We have all lost loved ones; some, like elderly parents, we were happy to see go on to be with their life partners. Some brothers and sisters have died too soon; friends who have died ahead of their time we mourn deeply. But children are a whole other story. Parents are never supposed to outlive their children.
Many of our friends have lost children, in car accidents, skiing accidents, sudden heart attacks, drug overdoses and even three in one family who died very close together from previously unknown genetic heart disorders. I have always begged God never to let us experiences such losses, as we have no idea how to cope with them.
But courageous and heroic parents must deal with such losses every day. In hospice nursing I saw them up close and personal and admired the happy hearts they showed their dying children so they would not be afraid.
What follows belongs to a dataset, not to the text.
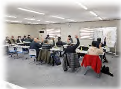
（令和7年度第2回総代会にて）
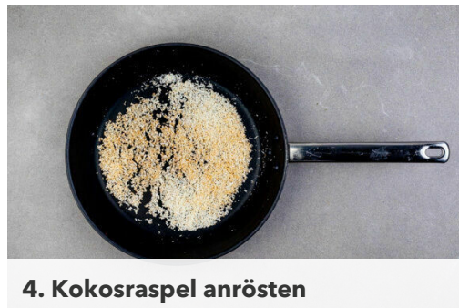
4. Kokosraspel anrösten

Den Backofen auf 250°C (230°C Umluft) vorheizen. Das Currypulver mit 2EL Pflanzenöl und ½TL Salz verrühren. Die Hähnchenschenkel trocken tupfen, 2-3-mal bis zu den Knochen einschneiden und mit dem Würzöl einreiben. Auf einem mit Backpapier ausgelegten Backblech 35-50Min. auf der untersten Schiene backen. Ggf. mit Alufolie abdecken, falls die Haut zu dunkel wird.

One such mother wrote to me about her young daughter, diagnosed with ovarian cancer, who wanted so much to live. They denied, they cried, they prayed and finally they accepted the “ultimate healing” God chose for her, “delivering her from the perishing body she had long endured, to be with her Lord. Would I bring her back? No,” she wrote. “I know Jan is with her Lord and I will see her soon. A little while before she took her last breath, a beautiful expression came across her face. Not a big smile, but a look of total peace. Her eyes were no longer sunken in her head and her mouth lay softly open as if sleeping. I knew she was at home with the Lord.”
The loss of a child is always heartbreaking, but when a mother is willing to give her child back to God rather than see her suffer any more, it is the ultimate sacrifice and a totally unselfish gift. We should all pray we would be able to love so deeply if we had to.